Главций повернулся к Манилию и, подмигнув, спросил:
– Пойдешь с нами?
– Наверное, нет, – сказал Луций, – Сципионы приходятся мне дальними родственниками, и сейчас если покажусь вместе с вами – будет не совсем удобно, да и дела ждут.
Манилий расчистил себе путь в толпе и вышел к лестнице Вестфалок. Неподалеку стояли зеваки и ради забавы наблюдали разыгравшуюся перед ними сцену.
– Сыновья обязаны раскошелиться и угостить народ, как полагается. Всегда так было в нашем городе, – громко доказывал один из них.
– Ну и скупыми оказались наследники, – соглашался другой, совсем своего папашу не любят.
– Ничего, мы заставим этих сосунков широко раскрыть свои кошельки, дабы по достоинству почтить память их отца, – последние слова утонули во всеобщем хохоте.
Луций увидел, как Сатурнин подошел к наследникам покойного, потом бросил взгляд на ожидавшую дармовых харчей толпу. “Боги, куда катится этот город?” – невольно подумал он, но только повел плечами, будто говоря: “Это не мое дело…”, и больше не смотря по сторонам, быстро пошел домой.

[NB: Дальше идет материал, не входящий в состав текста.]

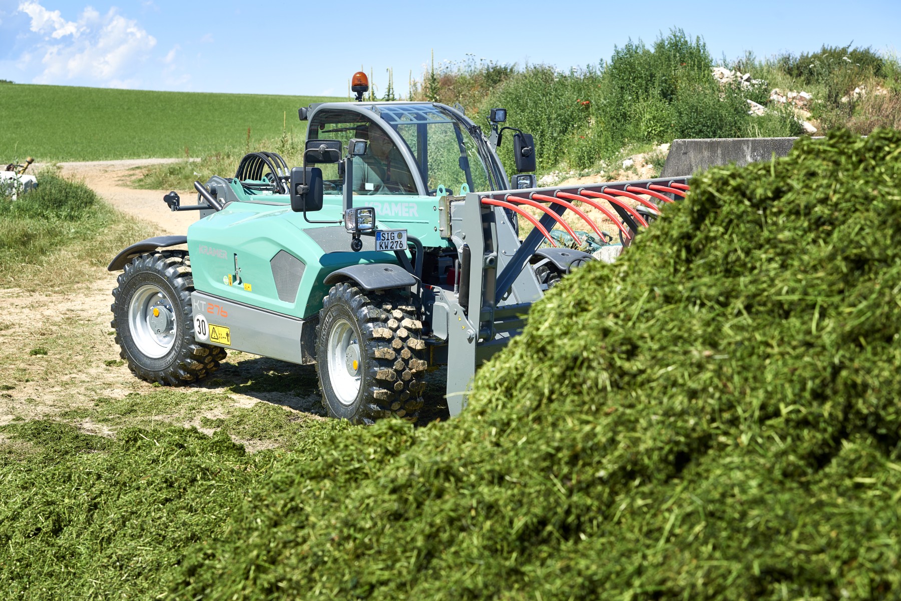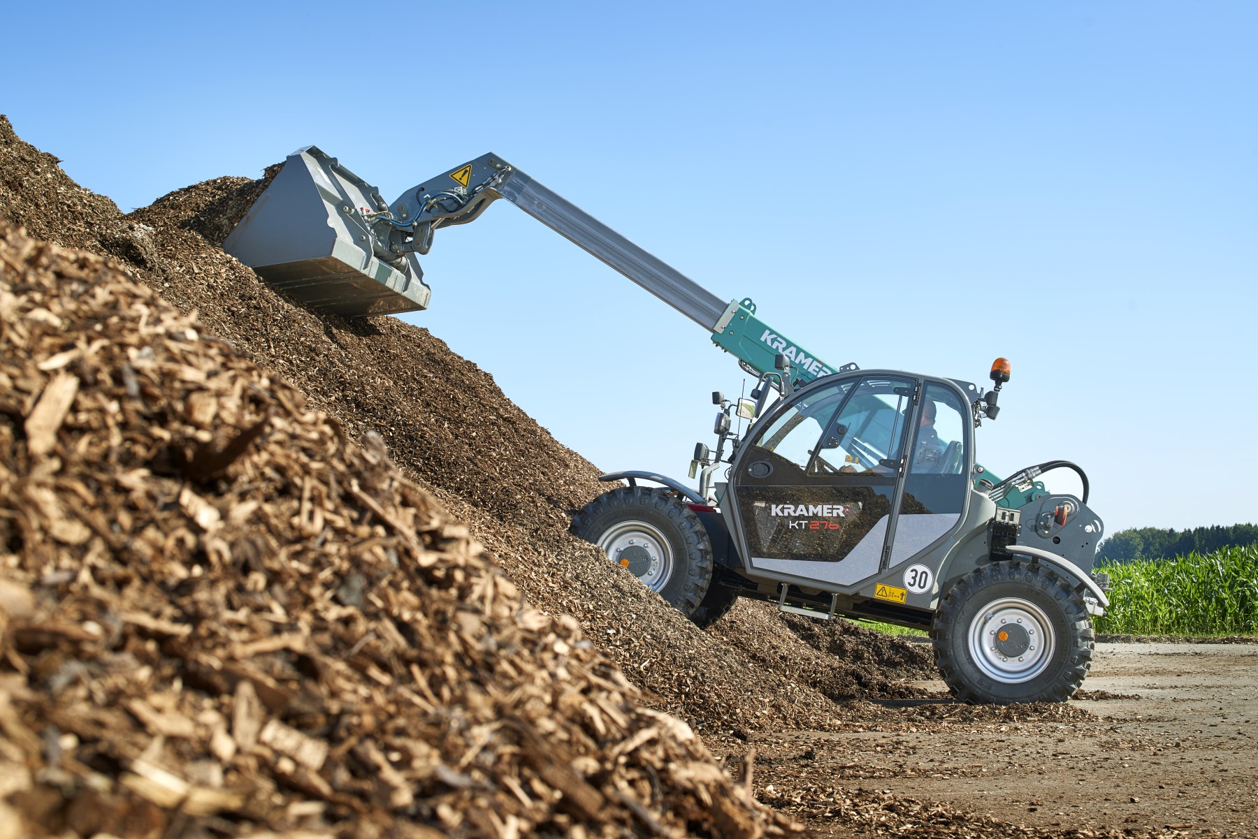 Het Duitse Kramer heeft haar wortels in de landbouw en bouwt al heel lang wielladers en verreikers. Door de alliantie met John Deere zien we deze nu weer in de typische groene Kramer kleur terug in de landbouw.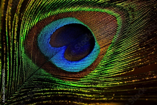 Dark peacock feather closeup. Feather isolated. Krishna Janmashtami background.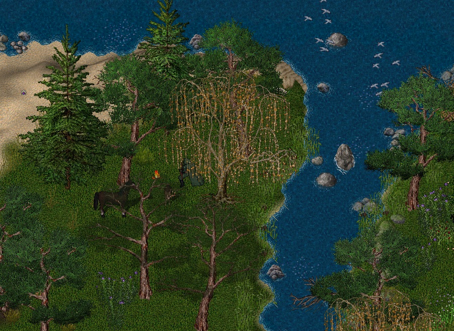 Bald schon musste Aanatus das Tier rasten lassen. Ein entspannter Ritt zu Freunden nach Solgard folgte der Rast. Das Verweilen würde das Pferd als Erholungspause benötigen. Aanatus selbst nutzte die Zeit, um ein paar Solgarder Bekannte zu treffen - ein kleiner Krug Bier ging sich auch noch in Knuts Spelunke aus, dann führte der Weg zurück nach Nebelhafen.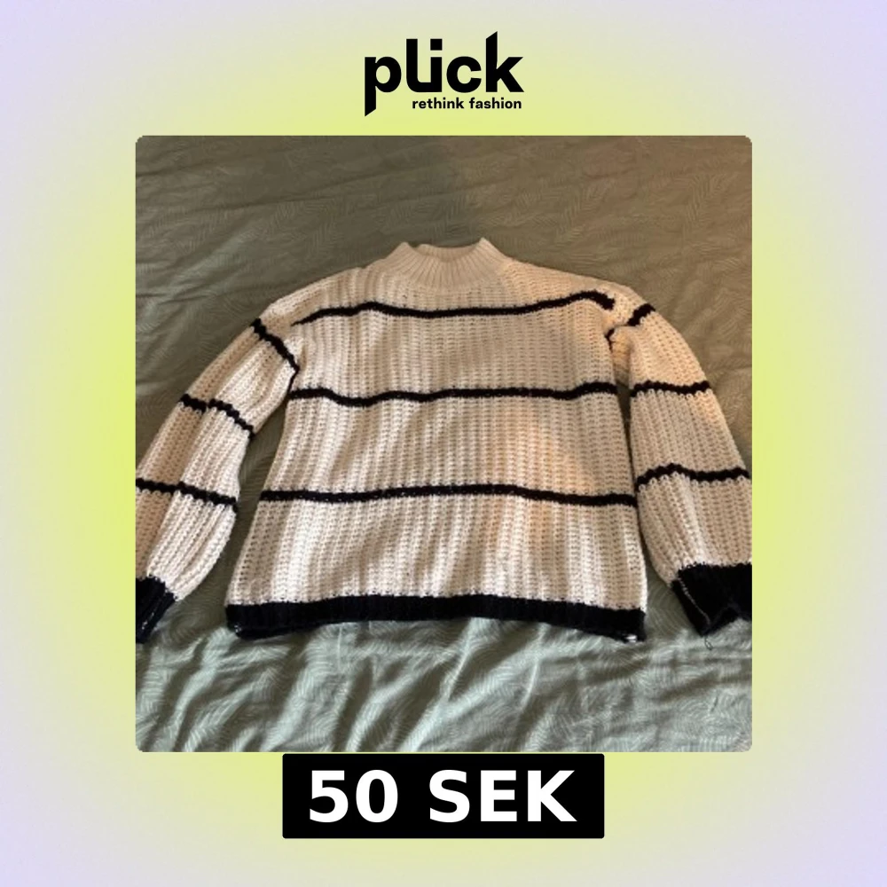 Säljer en chunky stickad tröja i vitt med svarta ränder. Tröjan har hög krage och långa ärmar med breda muddar. Perfekt för kyliga dagar när du vill vara både bekväm och snygg. Passar dig som gillar en avslappnad och trendig stil.

……………………………………………………………………………………………………
Той весной в Сицилии и в Африке дождями был уничтожен весь урожай пшеницы, что вызвало резкое подорожание хлеба, и, в конечном счете, голод. В государственных хранилищах запасы зерна достигли минимума, и килограмм пшеницы стоил уже десять сестерций, что было не доступно для большинства граждан. Конечно, были и другие продукты, но нехватка пшеницы вызвала повышение цен и на другие товары.

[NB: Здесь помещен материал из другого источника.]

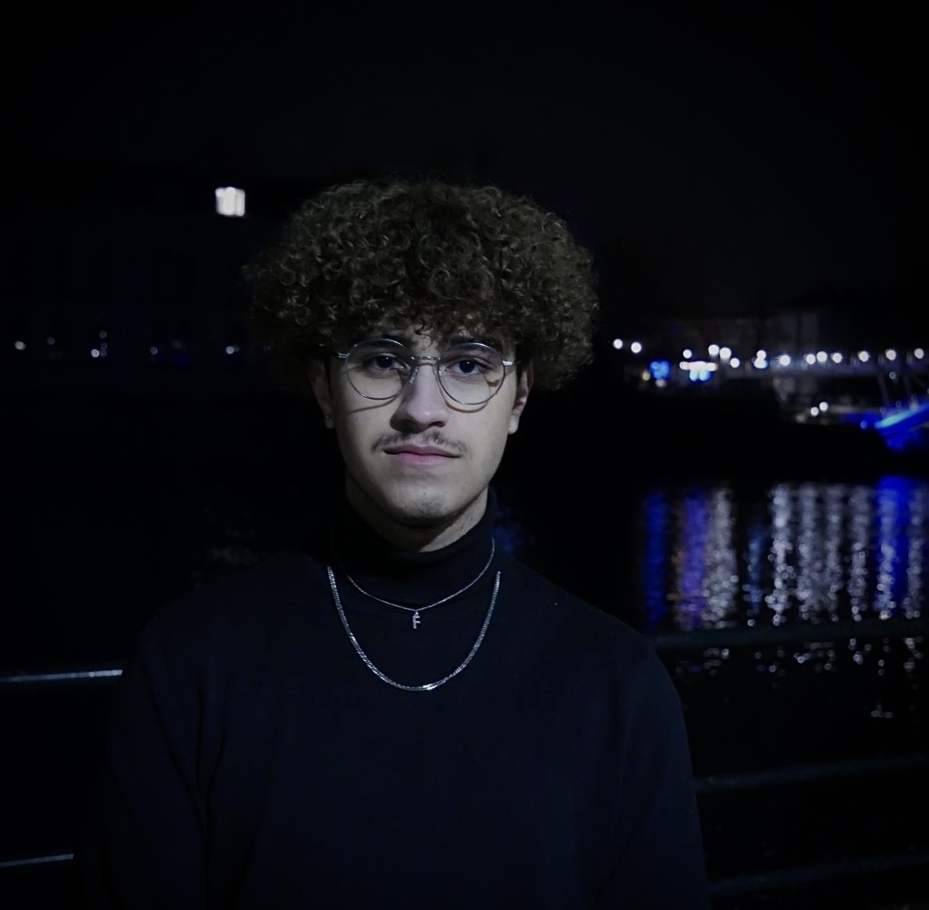 porte des lunettes, un appareil dentaire. grain de beauté en dessous de l'oeil gauche.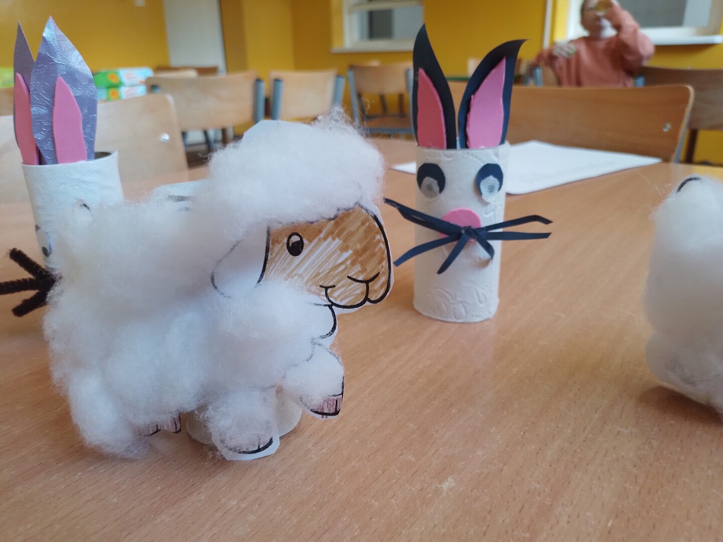 Na zajęciach świetlicowych dzieci wykonywały prace plastyczno-techniczne związane z tradycjami Świąt Wielkanocnych: palmy, pisanki, zajączki, baranki.

К октябрю среди римского пролетариата начались серьезные волнения. Страх перед голодом, словно болезнь, распространился по городу и проник во все слои общества. Перед приближавшейся зимой оставшаяся без куска хлеба голодная голытьба представляла реальную угрозу тем, кто еще имел этот кусок хлеба. Многие представители второго, третьего и четвертого классов вооружились и приготовились к защите своих домов и имущества от голодной толпы. Обеспокоенные положением в городе магистры обратились к сенату с просьбой выделить из казны дополнительные средства на закупку зерна в Египте и Галии, но, к сожалению, отцы города еще не осознали до конца приближающуюся опасность. Сенат почти единогласно заявил излишне усердным народным трибунам, что денег в казне нет, так как восстание рабов в Сицилии и война с варварами в Галии опустошила финансовые ресурсы Республики, и Рим стал банкротом. Те же, кто не имеет денег, будут голодать. Это, конечно, печальный факт, но это реальность.
В начале ноября о решении сената знал даже последний житель города, цены на хлеб сразу взлетели вверх. За несколько дней форум наполнился взволнованными и возмущенными жителями города, в основном представителями самого многочисленного пятого класса, пролетариями из Субуры и Эсквилина. Во избежание политического осложнения сенат прекратил заседания, а сами сенаторы разъехались по своим загородным виллам. “Чем большее количество голодранцев этой зимой отдадут богам душу, тем чище станет наш город”, – сказал принцепс сената одному из своих клиентов во время личной беседы, и через несколько дней об этом знал уже весь город. Народный трибун Сатурнин созвал комицию плебеев и вынес на нее свой законопроект. Главное, к чему он стремился, было желание предстать перед народом в качестве единственного защитника его интересов. Из-за бегства сенаторов за пределы города, а также из-за того, что остальным на собственной шкуре пришлось испытать, что значит подорожание хлеба, оппозиции в отношении Сатурнина в городе не было. Весь пролетариат Рима, а так же представители четвертого, третьего и второго классов, перешли на сторону трибуна, а в начале декабря на его сторону стал весь Рим.